Here’s the technical information. It uses a piston engine to spin two smallish propellers. At first look it seems inefficient: the propellers are so small (diameter 1.7 ft so radius is 0.26 m) so the air mass flow is low and hence the velocity of the jet must be high, meaning high power needs for the thrust. (Mind you, it’s efficient compared to a peroxide rocket or a low bypass turbofan engine that have been used for jetpacks in the past.)
But let’s look closer. Engine specs. It’s a two stroke 2.0 liter V4 that produces about 150 HP at 6000 RPM and it weighs 60 kg. The quite high RPM means it produces quite high power.
If the engine spun at a lower speed, you could use bigger props, but the engine would produce less power.
If it spun at a higher speed, you could have higher power for little mass growth in the engine and then use a gearbox to still use the same size or even bigger props (if you geared it down further). But gearboxes are heavy, expensive and often unreliable.
6000 rpm is 100 Hz (rpm is a totally weird unit for spin rate anyway, why is it always used?). Speed of sound is 320 m/s. Hence at 100 Hz the supersonic radius would be 0.5 meters (100 1/s * 2 * 3.14 * 0.5 m = 307 m/s). At the Martin Jetpack’s 0.25 m blade radius it’s about half the speed of sound. At the 7058 max RPM it’s 180 m/s or about 60% of Mach 1 – the transonic region should be easily avoided. Maybe they could be even slightly bigger.

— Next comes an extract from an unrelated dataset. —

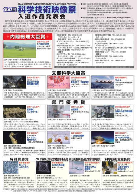 科学技術映像祭は、優れた科学技術映像を選奨することで科学技術への関心を喚起するとともに、その普及と向上をはかり、社会一般の科学技術教養の向上に資することを目的として昭和35(1960)年より開催し今回、第62回を迎えました。科学技術映像祭 (jsf.or.jp)

It’s a compromise design. With the small props you can use relatively high engine speeds so your engine stays light – and you avoid a complex expensive failure-prone gearbox. The machine also stays safe as there is no free flailing propeller. With a larger propeller (or two) you would have to give up the shroud(s) since their weight would be prohibitive. On the other hand, fuel consumption would go down and hence the range could increase. It’s a fascinating design space.